The Lakers, all things considered, should look really similar next season to how they looked this season. In fact, it wouldn’t be surprising if their rotation next season featured almost entirely guys who were a part of this title run, or even if the roster returned 12 or more players. If they do make moves, they’ll likely be on the edges, like adding minimum-salary veterans (we saw how effective this was with Rondo, Morris, and Howard this year) or using the taxpayer MLE to add one rotation piece. If teams chase the Lakers’ role players with money this summer, they could have to scramble to fill their rotation, but that’s unlikely in the current market. If things break LAL’s way, they could end up with the more lucrative full MLE to potentially add an impact player to their championship core.

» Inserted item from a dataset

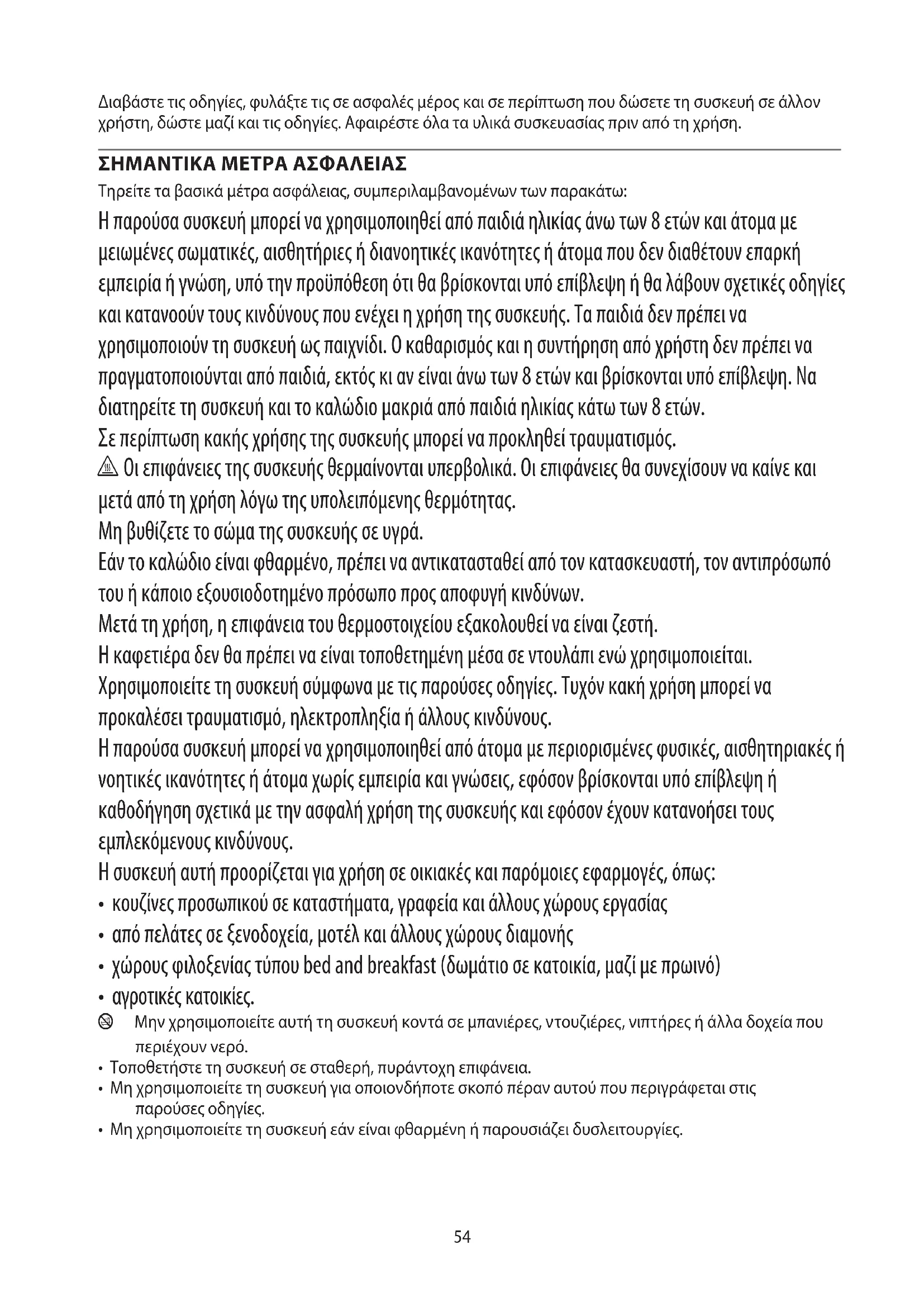 Τηρείτε τα βασικά μέτρα ασφάλειας, συμπεριλαμβανομένων των παρακάτω: Η παρούσα συσκευή μπορεί να χρησιμοποιηθεί από παιδιά ηλικίας άνω των 8 ετών και άτομα με μειωμένες σωματικές, αισθητήριες ή διανοητικές ικανότητες ή άτομα που δεν διαθέτουν επαρκή εμπειρία ή γνώση, υπό την προϋπόθεση ότι θα βρίσκονται υπό επίβλεψη ή θα λάβουν σχετικές οδηγίες και κατανοούν τους κινδύνους που ενέχει η χρήση της συσκευής. Τα παιδιά δεν πρέπει να χρησιμοποιούν τη συσκευή ως παιχνίδι. Ο καθαρισμός και η συντήρηση από χρήστη δεν πρέπει να πραγματοποιούνται από παιδιά, εκτός κι αν είναι άνω των 8 ετών και βρίσκονται υπό επίβλεψη. Να διατηρείτε τη συσκευή και το καλώδιο μακριά από παιδιά ηλικίας κάτω των 8 ετών. Σε περίπτωση κακής χρήσης της συσκευής μπορεί να προκληθεί τραυματισμός. h Οι επιφάνειες της συσκευής θερμαίνονται υπερβολικά. Οι επιφάνειες θα συνεχίσουν να καίνε και μετά από τη χρήση λόγω της υπολειπόμενης θερμότητας. Μη βυθίζετε το σώμα της συσκευής σε υγρά. Εάν το καλώδιο είναι φθαρμένο, πρέπει να αντικατασταθεί από τον κατασκευαστή, τον αντιπρόσωπό του ή κάποιο εξουσιοδοτημένο πρόσωπο προς αποφυγή κινδύνων. Μετά τη χρήση, η επιφάνεια του θερμοστοιχείου εξακολουθεί να είναι ζεστή. Η καφετιέρα δεν θα πρέπει να είναι τοποθετημένη μέσα σε ντουλάπι ενώ χρησιμοποιείται. Χρησιμοποιείτε τη συσκευή σύμφωνα με τις παρούσες οδηγίες. Τυχόν κακή χρήση μπορεί να προκαλέσει τραυματισμό, ηλεκτροπληξία ή άλλους κινδύνους. Η παρούσα συσκευή μπορεί να χρησιμοποιηθεί από άτομα με περιορισμένες φυσικές, αισθητηριακές ή νοητικές ικανότητες ή άτομα χωρίς εμπειρία και γνώσεις, εφόσον βρίσκονται υπό επίβλεψη ή καθοδήγηση σχετικά με την ασφαλή χρήση της συσκευής και εφόσον έχουν κατανοήσει τους εμπλεκόμενους κινδύνους. Η συσκευή αυτή προορίζεται για χρήση σε οικιακές και παρόμοιες εφαρμογές, όπως:
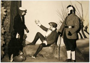 The Drama Group presented its first Christmas production, “Toad of Toad Hall” by A.A. Milne, produced and directed by Harold Ingram, formerly musical director of the Stratford-on-Avon Theatre, with beautiful sets by his daughter Pamela Ingram, Scenic Designer at the Yvonne Arnaud Theatre in Guildford. She also ran scenery workshops creating stage trees and river banks: “At an extremely late rehearsal on New Year’s Eve, Harold Keeping, who was playing Badger, fell backwards putting an end to rehearsals and possibly our New Year festivities. Fortunately Badger was wearing a thick jacket and belt so suffered no more than stiffness and bruising! The show was so successful we had to put on an extra performance on the second Saturday.” More than fifty Christmas shows and pantomimes have taken place since.

The Heat are a little bit more of a wildcard. They are fully capable of paying their important free agents and running it back, but this year’s roster was supposed to be a competitive transition until they pursued another star next summer. It’s hard to believe they’ll cast aside those hopes and give up their flexibility to keep this team together, but also hard to see them letting key players walk and giving up on a group that just lost in 6 games in the Finals while dealing with serious injuries. Miami could try to thread the needle, keeping the important guys without sacrificing next summer’s max slot and filling in the gaps with new, bargain deals. But they could also go the other way, and decide that this core has proven that they’re good enough to cash in on their flexibility now and pursue a big-time acquisition.